The main way to interact with BatchPDLP.jl is through its PDLPData struct. The struct is instantiated with the maximum number of LPs being solved, the number of variables in each LP (i.e., the width of the constraint matrix, i.e., the epigraph variable should be included), and the maximum number of constraints allotted for each LP. For example, to create an empty PDLPData struct to solve 10000 simultaneous LPs at a time, where the LPs come from a 2-variable NLP with an objective function and one GEQ constraint, one could do the following:

using BatchPDLP

# Total LPs per batch (needed to preallocate space)
num_LPs = 10000

# Number of variables is the number of variables in 
# the NLP plus one for the epigraph variable
actual_vars = 2 + 1

# The maximum number of constraints depends on how many
# you intend to add. E.g., if we're adding a lower bound
# constraint for the epigraph variable, one constraint
# from a relaxation of the objective function, and one
# constraint from a relaxation of the one GEQ constraint,
# we could set max_constraints to 3:
max_constraints = 1 + 1 + 1

PDLP_data = PDLPData(num_LPs, actual_vars, max_constraints)

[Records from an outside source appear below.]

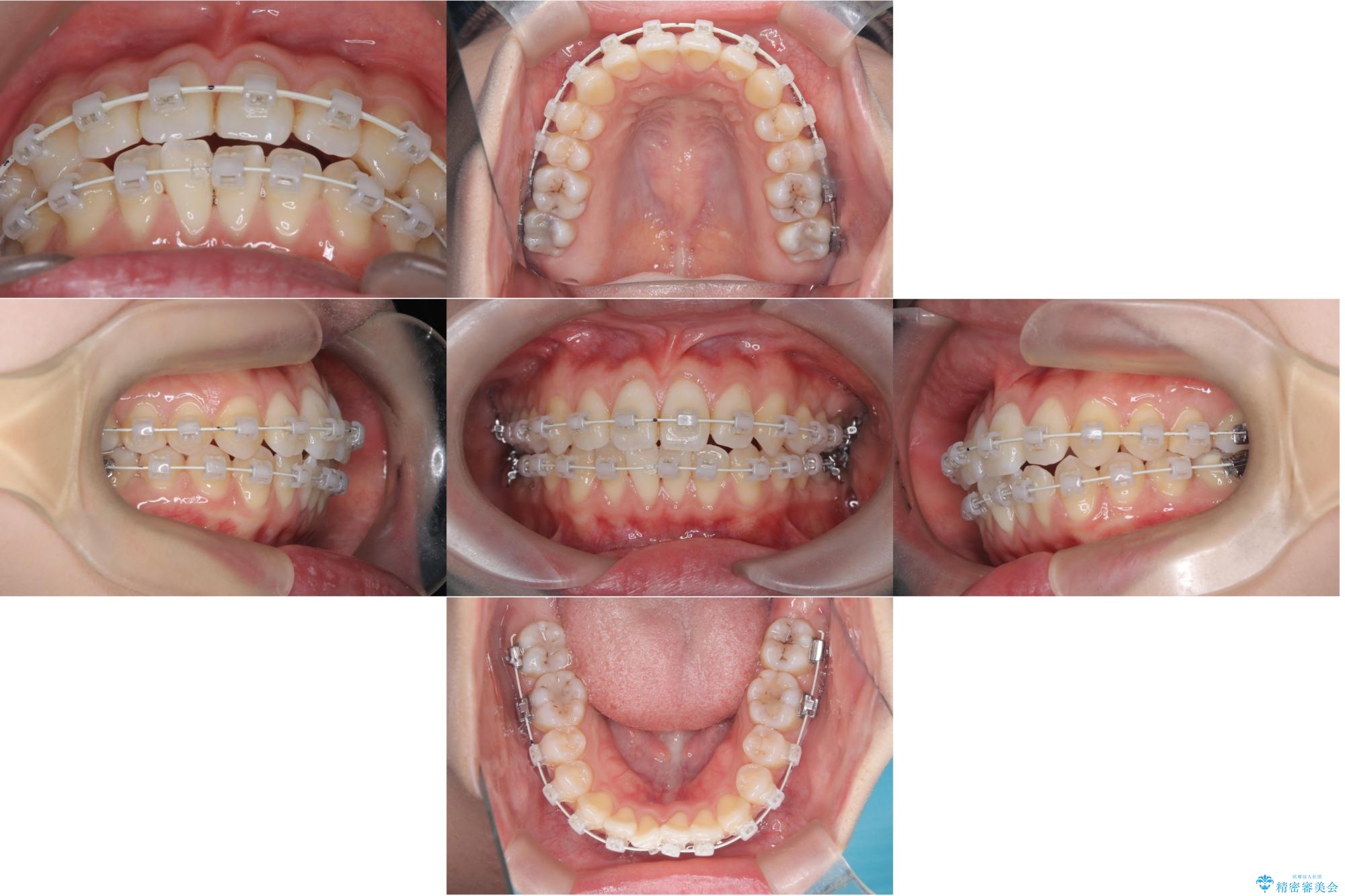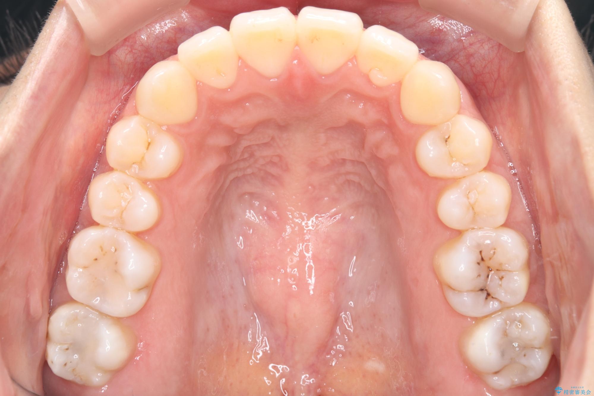 非抜歯で矯正治療を行った場合と、上下左右4番目の歯を抜歯して矯正治療を行った場合のシミュレーションを見ていただき、非抜歯での矯正治療を希望されました。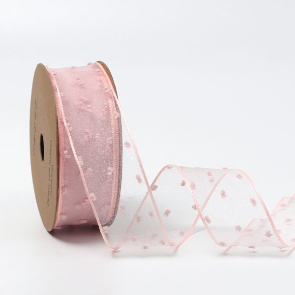 Лента декоративная “Точки” 4см*20ярд, розовый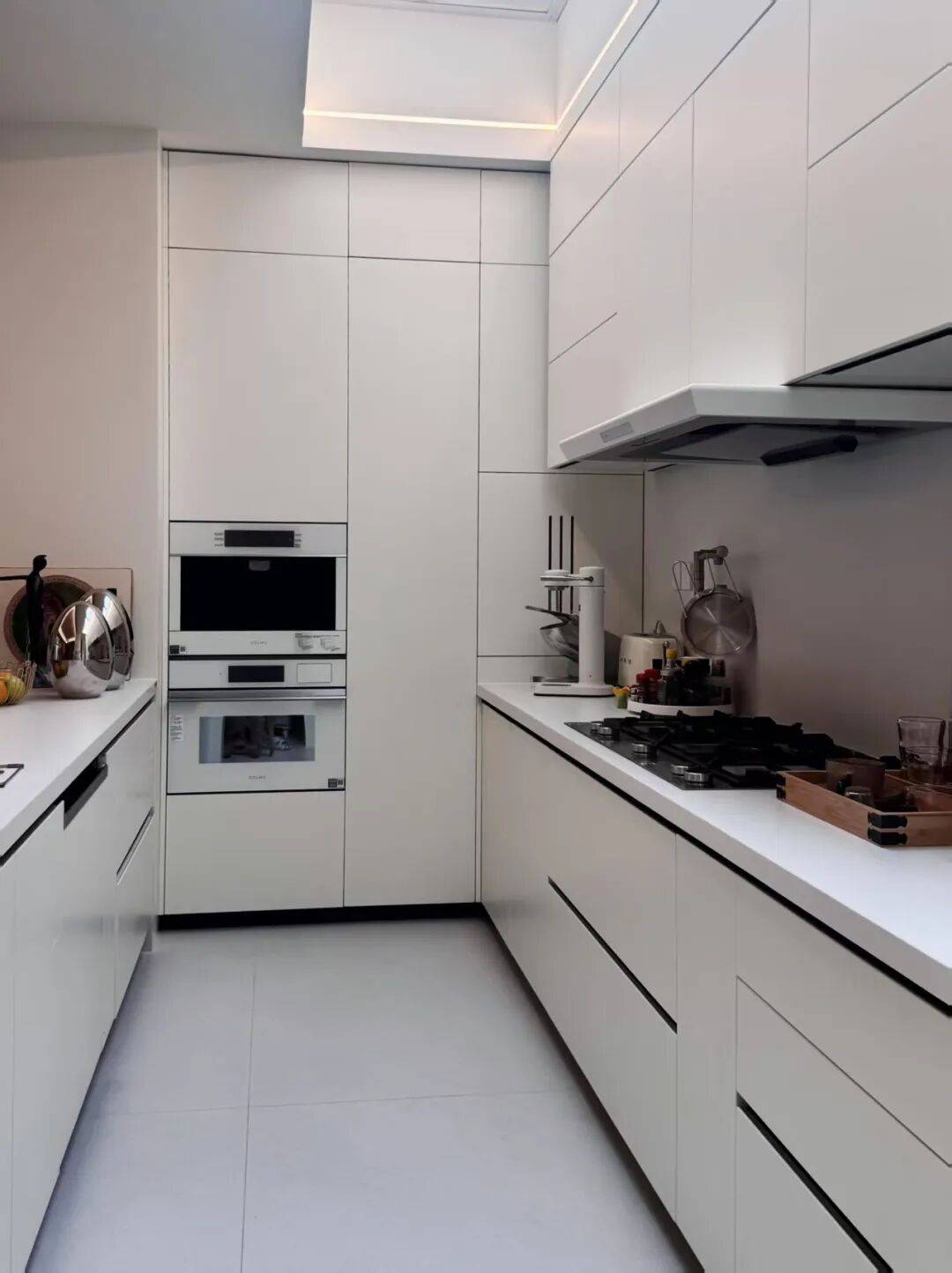 对热爱下厨的蔡文静而言,厨房也是释放自我的重要空间。在这里,地面以冠珠魔术师岩板极地白延续一体大气的极简质感,墙面则同样选用冠珠白色系岩板搭配,高级好看又巨好打理!
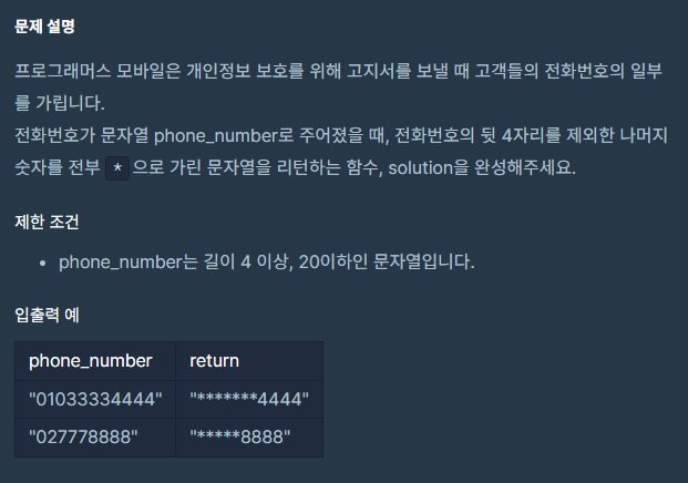 [프로그래머스] 핸드폰 번호 가리기 -JS 본문

One of the strengths of BatchPDLP.jl is that in its main intended use case, all of the LPs will be derived from an original NLP, which means the sparsity pattern of each LP will be (mostly) identical. BatchPDLP.jl saves memory space by only storing one copy of the sparsity pattern, which it applies to every LP during the PDLP algorithm to skip known zeros in the constraint matrix. Including this sparsity information speeds up BatchPDLP.jl and should be added if it is known. If no sparsity information is added, BatchPDLP.jl will assume that any element of the constraint matrix could be non-zero (i.e., it relaxes the requirement that all LPs must be structurally similar, but each LP has a time penalty due to many more unnecessary calculations). This sparsity pattern should be calculated separately from BatchPDLP.jl, but is provided in the form of a Matrix{Bool} to the PDLPData struct for simplicity of use. Internally, this Matrix{Bool} is immediately converted into PDLPSparsity information that stores the same data on the GPU. The sparsity matrix is passed as an argument to PDLPData as follows:

using BatchPDLP

# Sparsity information for a 2-dimensional NLP like the following:
# min x^2 + y^2
# s.t. sqrt(x) > 1.0
#      sqrt(y) > 1.5
#      x + y > 3.5

sparsity = Bool[1 0 0; # Lower bound of the epigraph variable (which is always first)
                1 1 1;  # Objective function, which becomes an LP constraint that depends on {epi, x, y}
                0 1 0;  # First constraint, only depends on x
                0 0 1;  # Second constraint, only depends on y
                0 1 1]  # Final constraint, depends on x and y

PDLP_data = PDLPData(10000, 3, 3, sparsity=sparsity)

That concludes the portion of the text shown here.